His speeches get standing ovations. Reporters chase him at Sunday Mass at the Metropolitan Cathedral.

Iván Velásquez isn't comfortable with the attention. But he understands. As head of the International Commission Against Impunity in Guatemala, CICIG for its Spanish initials, he has taken the biggest swipe at entrenched corruption in the small Central American country, and landed former President Otto Pérez Molina in jail on graft charges.

It's the first time anywhere that a government allowed an independent investigating body into the country, only to see the president brought down.

People say it's harder to get water from a stone than a word from Velásquez. But even he couldn't help react in astonishment when he first saw the sea of protesters his investigations had unleashed.

"I never envisioned this would generate such a movement," Velásquez said after 50,000 people filled the streets in April, just days after he and Guatemala's attorney general blew the lid off a customs fraud scheme that reached the highest levels government.
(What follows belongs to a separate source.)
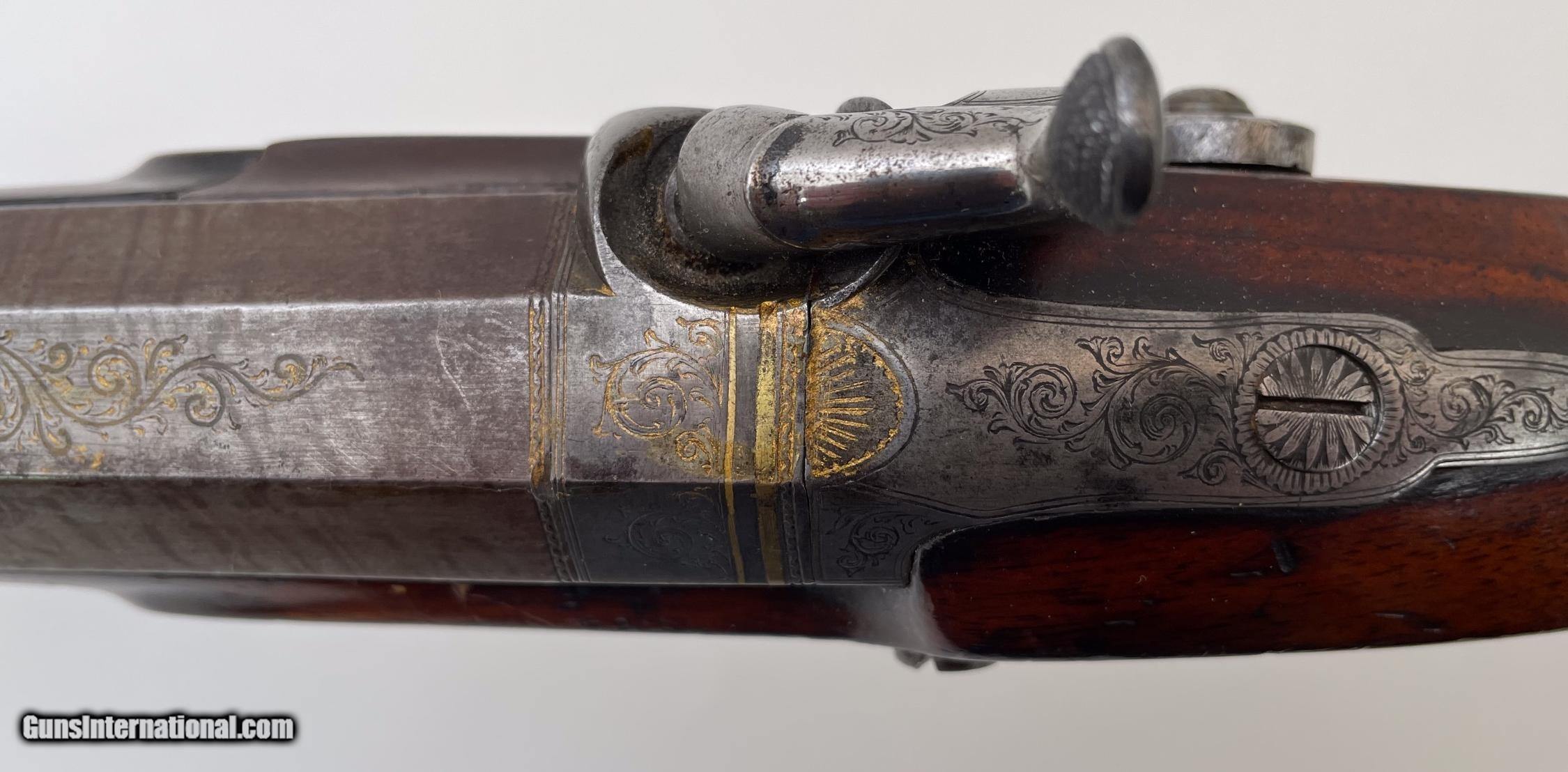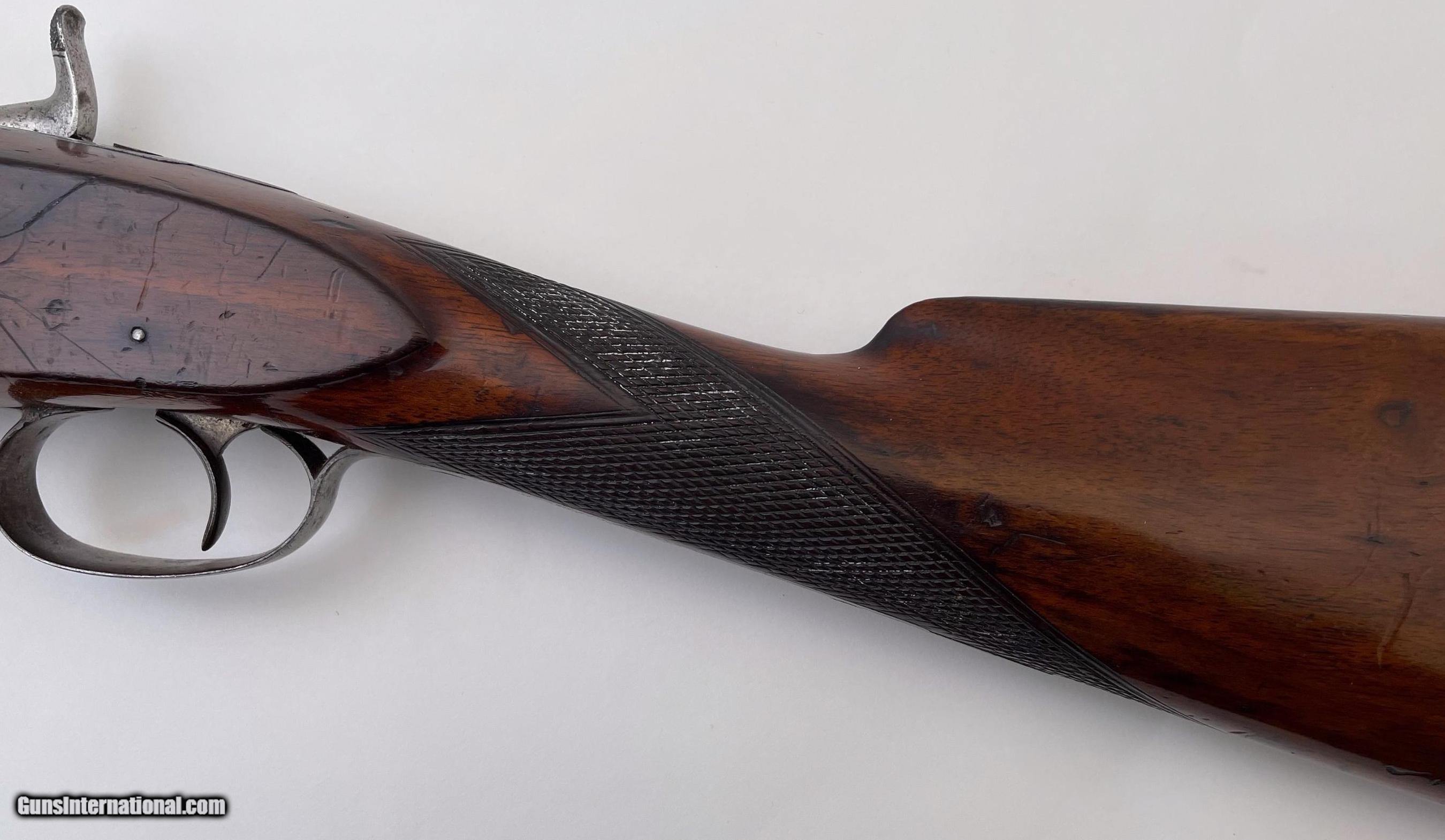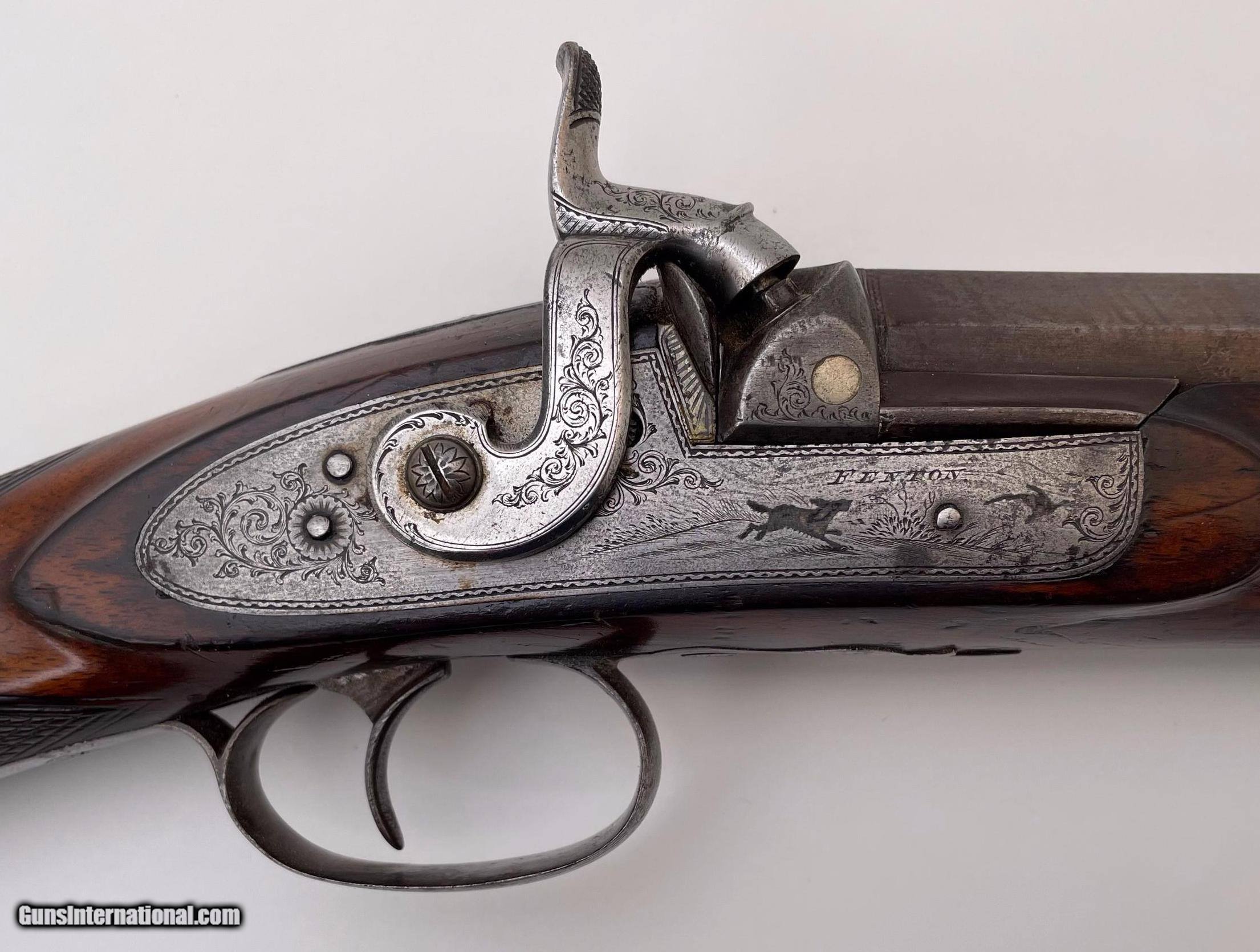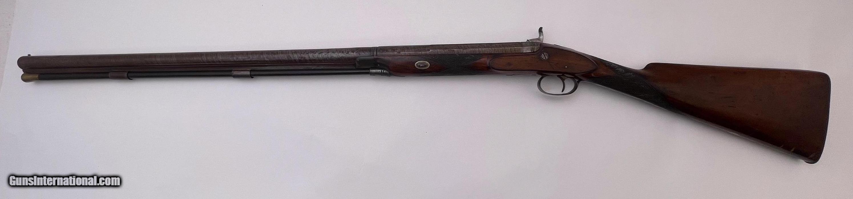 Description: A good honest high condition gun with excellent bore and crisp action. See photos. Domensions-- Overall 46" Barrel 29" Pull. 14.5". Bore measures .75" SOLD Antique: Yes Manufacturer: Fenton Model: Fowler Barrel Length: 29 Bore Condition: Excellent |

It was an impressive show of civic might for a country traditionally cowed by fear and resignation in the face of corruption.

"In a society accustomed to justice not working and the privileged being protected by impunity, [now] there is confidence that the institutions will act," Velásquez told the Associated Press.

Arriving in Guatemala in 2013 with a long track record of taking on the powerful in his native Colombia, Velásquez began to scrutinize the country's networks of corruption. Citizens, politicians, lawyers and journalists passed through his office, both seeking and offering information.

He found that smuggling was a big issue, and pulling on the thread of an old CICIG investigation led to the customs ring known as "La Linea," or "The Line," in which officials took kickbacks in exchange for lowering import duties. It was the scandal that brought down not only Pérez Molina but former Vice President Roxana Baldetti, who is also jailed and facing charges. At least 100 people are under investigation.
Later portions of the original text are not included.